— Recorded information —
Start of Block

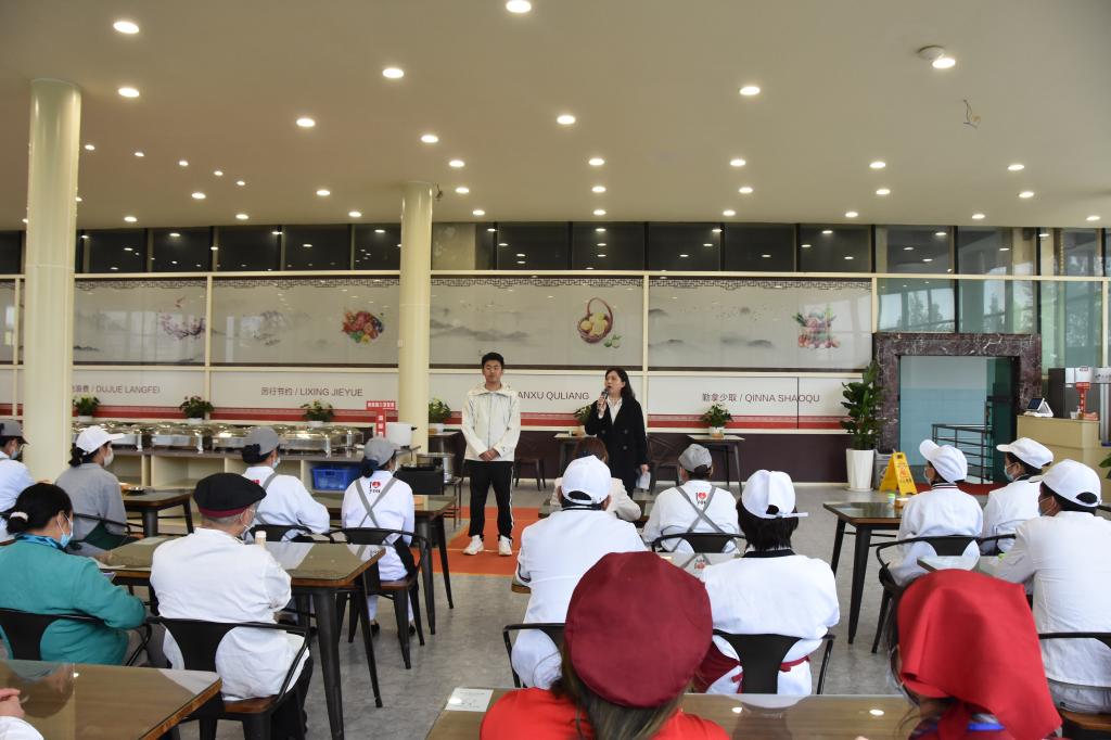 10月11日下午,保卫处、后勤集团联合在润泽苑教工食堂对全校食堂员工、宿舍管理人员开展消防安全知识培训和食堂油锅起火、火盆起火灭火的演练,全校食堂员工、宿舍管理人员共52名人员参加,保卫处副处长喻玲主持本次培训。
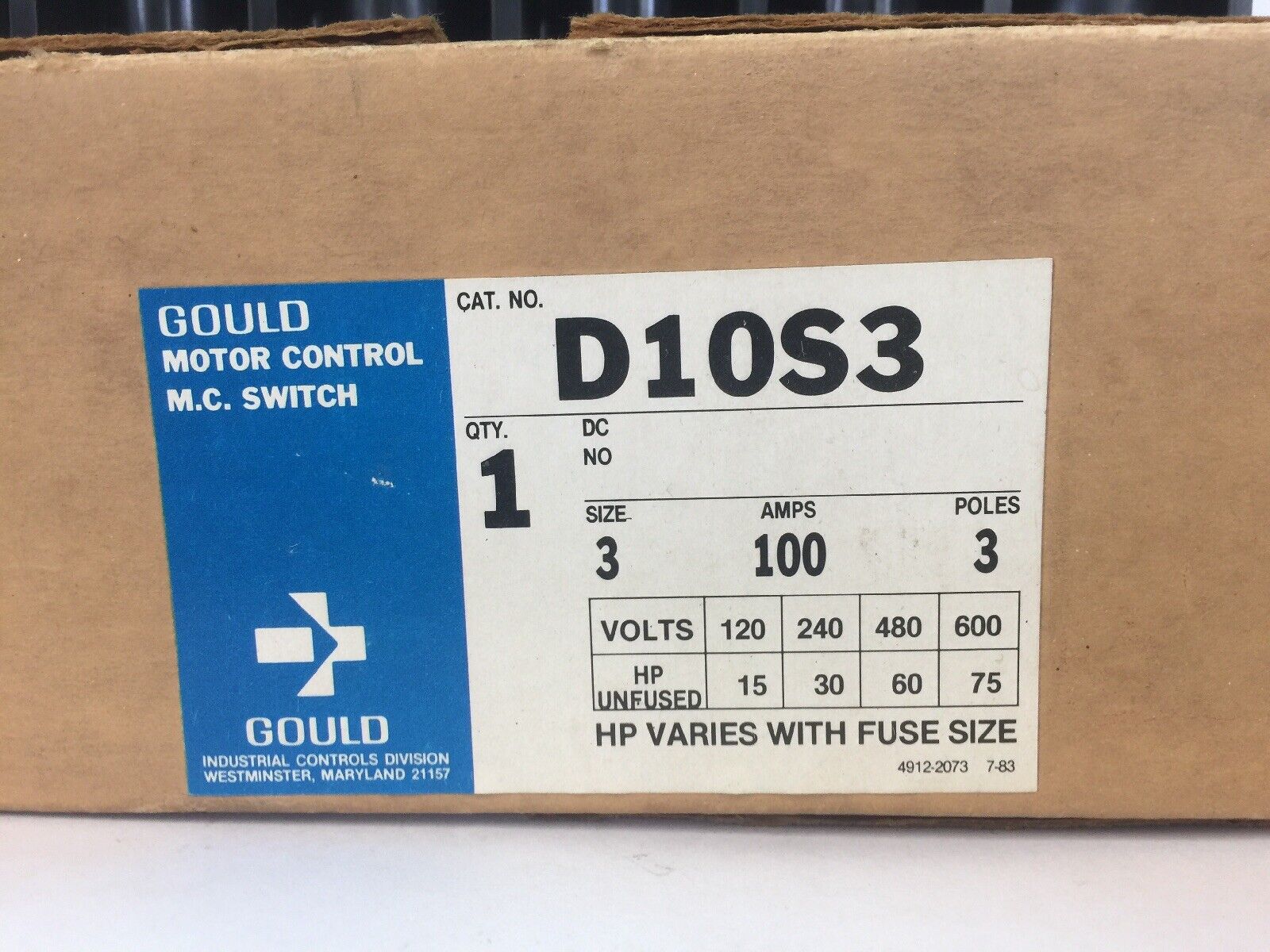 GOULD D10S3 MOTOR CONTROL M.C. SWITCH SIZE 3 100AMPS 3 POLES 600V 75HP UNFUSED HP VARIES WITH FUSE SIZE
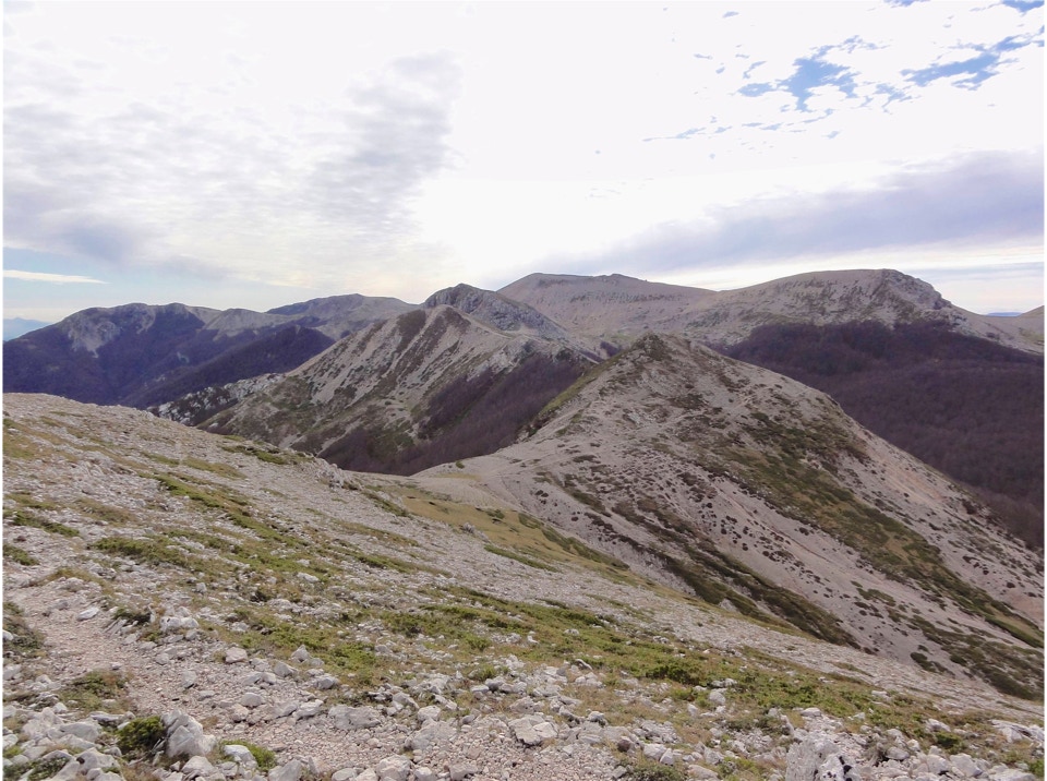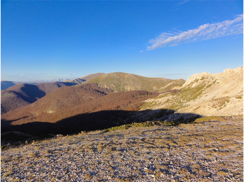 Il ritorno è avvenuto, tornando nuovamente alla Fonte del Pozzotello e poi tramite il sent. 602 (sentiero dei Fiori), che aggira il versante nord del Peschio delle Cornacchie, e si ricongiunge con il percorso dell’andata, che, attraversando il pianoro di Campocatino, riconduce al piazzale del parcheggio.

End of Block

— About this task —
Reproduce the whole listing verbatim and keep all pictures out of it.

— Result of this exercise —
 10月11日下午,保卫处、后勤集团联合在润泽苑教工食堂对全校食堂员工、宿舍管理人员开展消防安全知识培训和食堂油锅起火、火盆起火灭火的演练,全校食堂员工、宿舍管理人员共52名人员参加,保卫处副处长喻玲主持本次培训。
 GOULD D10S3 MOTOR CONTROL M.C. SWITCH SIZE 3 100AMPS 3 POLES 600V 75HP UNFUSED HP VARIES WITH FUSE SIZE
 Il ritorno è avvenuto, tornando nuovamente alla Fonte del Pozzotello e poi tramite il sent. 602 (sentiero dei Fiori), che aggira il versante nord del Peschio delle Cornacchie, e si ricongiunge con il percorso dell’andata, che, attraversando il pianoro di Campocatino, riconduce al piazzale del parcheggio.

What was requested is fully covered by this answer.